----- Data extracts

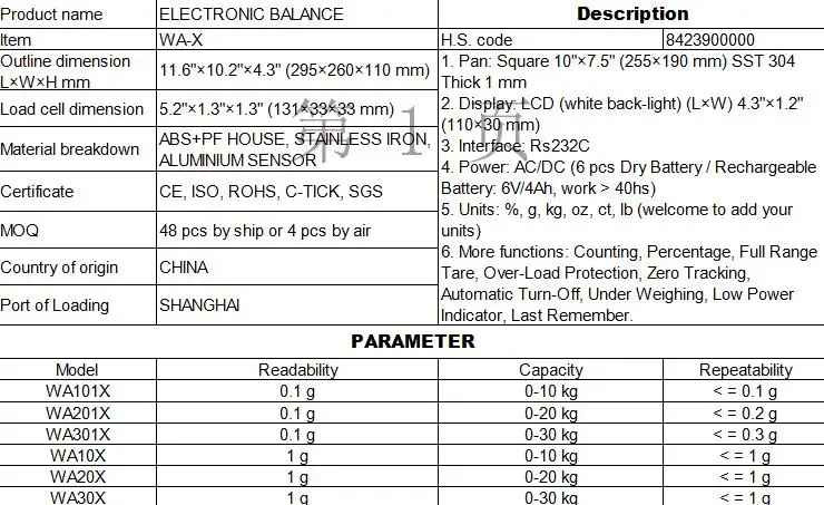 Калибровочный комплект весов: Mini. Принтер:
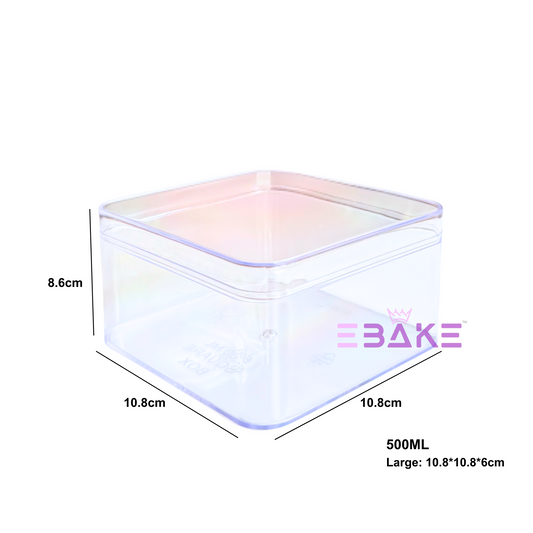 500ml Square Acrylic Dessert Box / Cake Tub (With Lid) Large 10.8x10.8x6cm
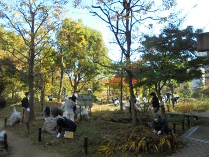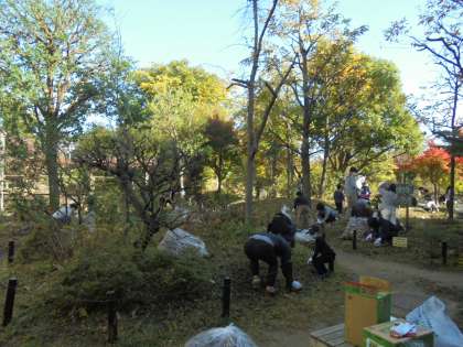 子どもたちは,どんぐりの実などを見つけながら,たくさんの落ち葉を拾い集めたり,雑草を抜いたりしていました。
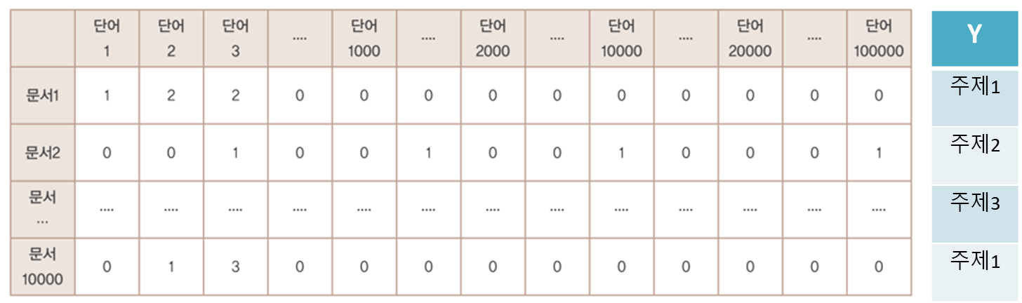 이번실습데이터로는 feature는 단어가 되고, target은 문서에 해당하는 주제가 된다.
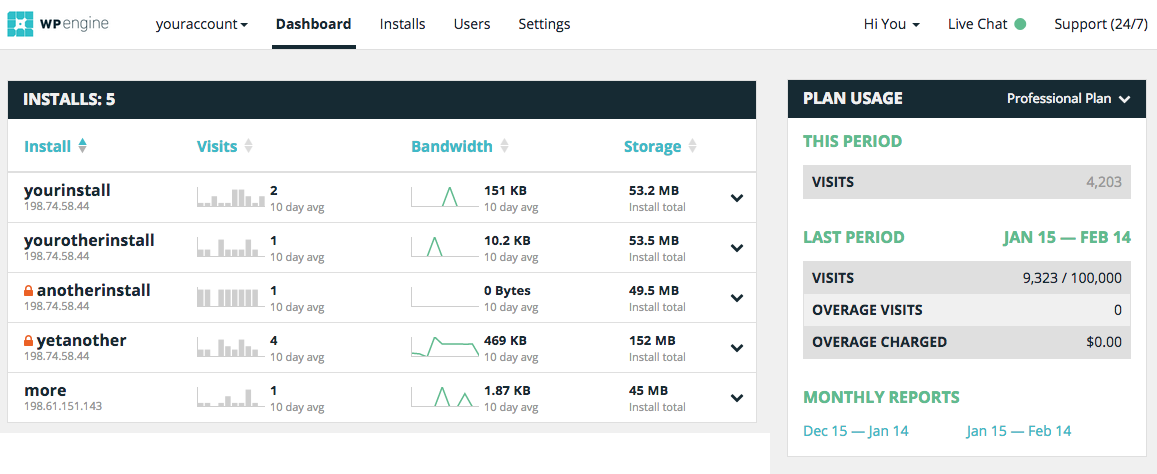 Having your WordPress website preinstalled for you is a nice feeling, as you can jump right into customizing your website. Since WP Engine focuses only on WordPress installations, this means you won’t be able to upload your Linux- or Windows-based website. If you’re looking for a place to do that, you’ll have to look elsewhere, such as at 1&1 or IdeaHost.

----------

* **Exercise goal**: Every line from the one with "500ml Square Acrylic" through the last line of the data must be copied exactly. Leave the pictures out.

* **Task output**:
 500ml Square Acrylic Dessert Box / Cake Tub (With Lid) Large 10.8x10.8x6cm
 子どもたちは,どんぐりの実などを見つけながら,たくさんの落ち葉を拾い集めたり,雑草を抜いたりしていました。
 이번실습데이터로는 feature는 단어가 되고, target은 문서에 해당하는 주제가 된다.
 Having your WordPress website preinstalled for you is a nice feeling, as you can jump right into customizing your website. Since WP Engine focuses only on WordPress installations, this means you won’t be able to upload your Linux- or Windows-based website. If you’re looking for a place to do that, you’ll have to look elsewhere, such as at 1&1 or IdeaHost.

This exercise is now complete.